Data block START

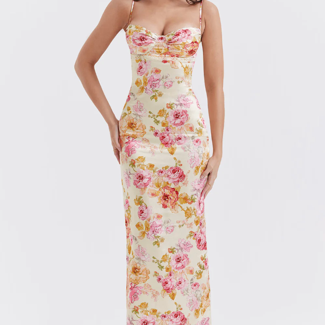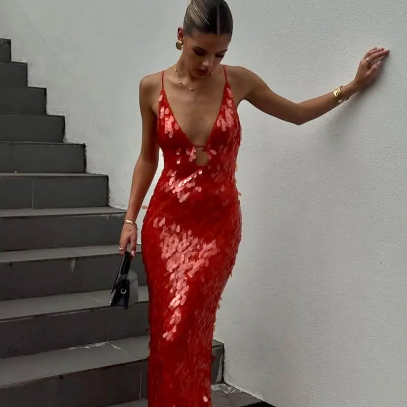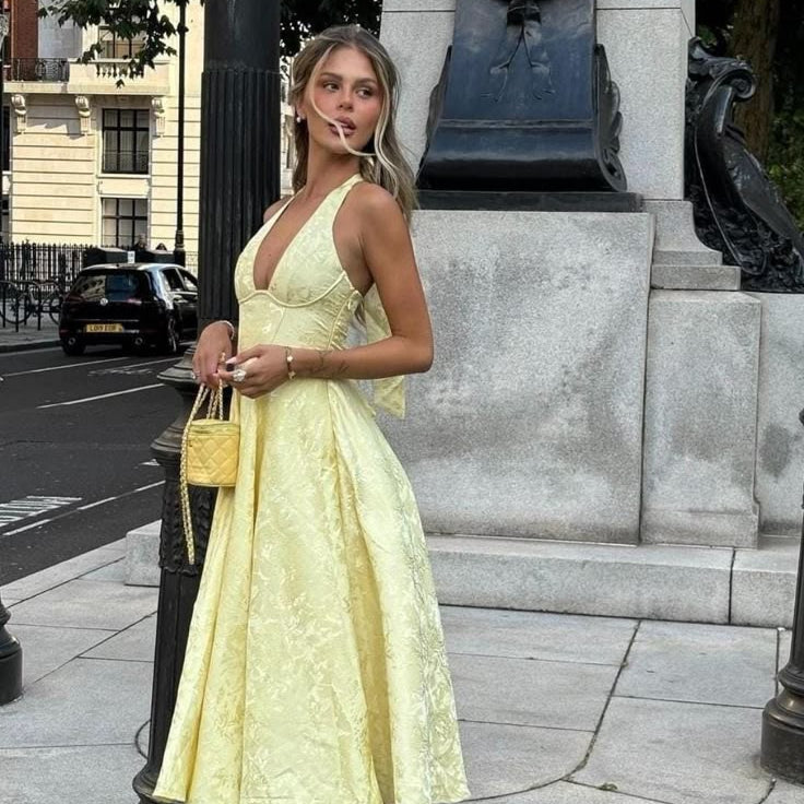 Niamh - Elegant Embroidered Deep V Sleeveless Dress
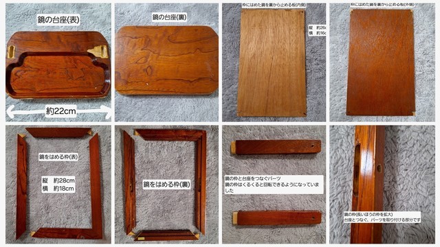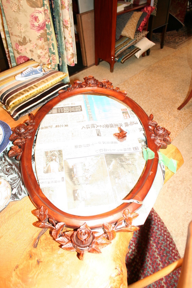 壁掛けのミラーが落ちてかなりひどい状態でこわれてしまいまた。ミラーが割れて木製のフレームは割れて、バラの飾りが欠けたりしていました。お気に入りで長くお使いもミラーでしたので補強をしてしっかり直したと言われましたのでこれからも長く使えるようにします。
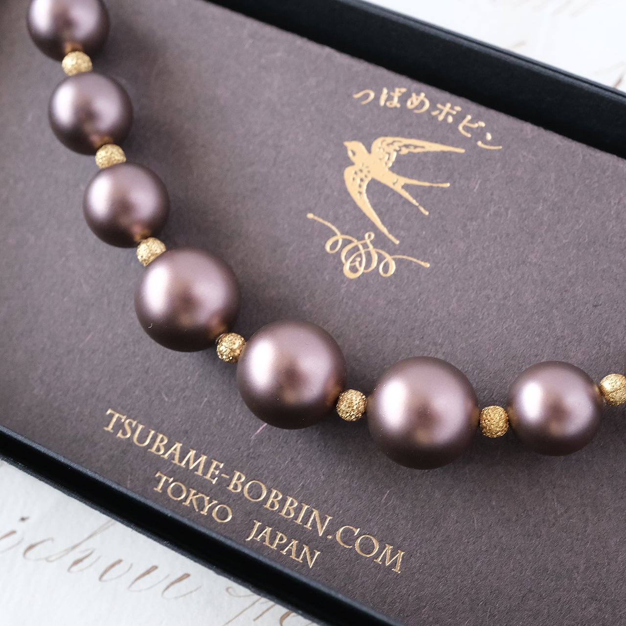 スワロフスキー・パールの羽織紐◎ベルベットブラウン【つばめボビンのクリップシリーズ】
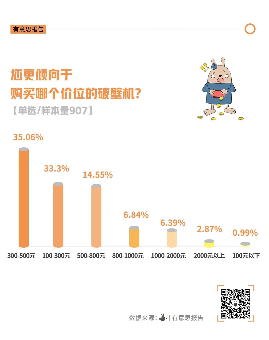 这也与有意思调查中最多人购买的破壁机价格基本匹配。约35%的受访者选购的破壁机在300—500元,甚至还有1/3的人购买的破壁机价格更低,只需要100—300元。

Data block END

What you have to do: For your answer, write out the data exactly and drop every picture.

Output of the task:
 Niamh - Elegant Embroidered Deep V Sleeveless Dress
 壁掛けのミラーが落ちてかなりひどい状態でこわれてしまいまた。ミラーが割れて木製のフレームは割れて、バラの飾りが欠けたりしていました。お気に入りで長くお使いもミラーでしたので補強をしてしっかり直したと言われましたのでこれからも長く使えるようにします。
 スワロフスキー・パールの羽織紐◎ベルベットブラウン【つばめボビンのクリップシリーズ】
 这也与有意思调查中最多人购买的破壁机价格基本匹配。约35%的受访者选购的破壁机在300—500元,甚至还有1/3的人购买的破壁机价格更低,只需要100—300元。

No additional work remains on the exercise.